**What you will do**
Retype, word for word, every line from the one holding "Skúli Guðjónsson bóndi" through the one holding "- Dostatek úložného" in the entries below, both included, and only those lines.

**Information given**
************

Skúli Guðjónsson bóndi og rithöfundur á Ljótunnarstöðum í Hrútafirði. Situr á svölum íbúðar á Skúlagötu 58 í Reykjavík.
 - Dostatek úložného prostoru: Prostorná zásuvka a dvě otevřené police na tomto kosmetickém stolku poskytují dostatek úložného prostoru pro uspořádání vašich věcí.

************

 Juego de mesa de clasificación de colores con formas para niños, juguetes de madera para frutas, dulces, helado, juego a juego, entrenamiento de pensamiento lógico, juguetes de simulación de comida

************

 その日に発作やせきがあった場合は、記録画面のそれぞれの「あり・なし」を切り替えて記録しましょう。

************

**Task answer**
Skúli Guðjónsson bóndi og rithöfundur á Ljótunnarstöðum í Hrútafirði. Situr á svölum íbúðar á Skúlagötu 58 í Reykjavík.
 - Dostatek úložného prostoru: Prostorná zásuvka a dvě otevřené police na tomto kosmetickém stolku poskytují dostatek úložného prostoru pro uspořádání vašich věcí.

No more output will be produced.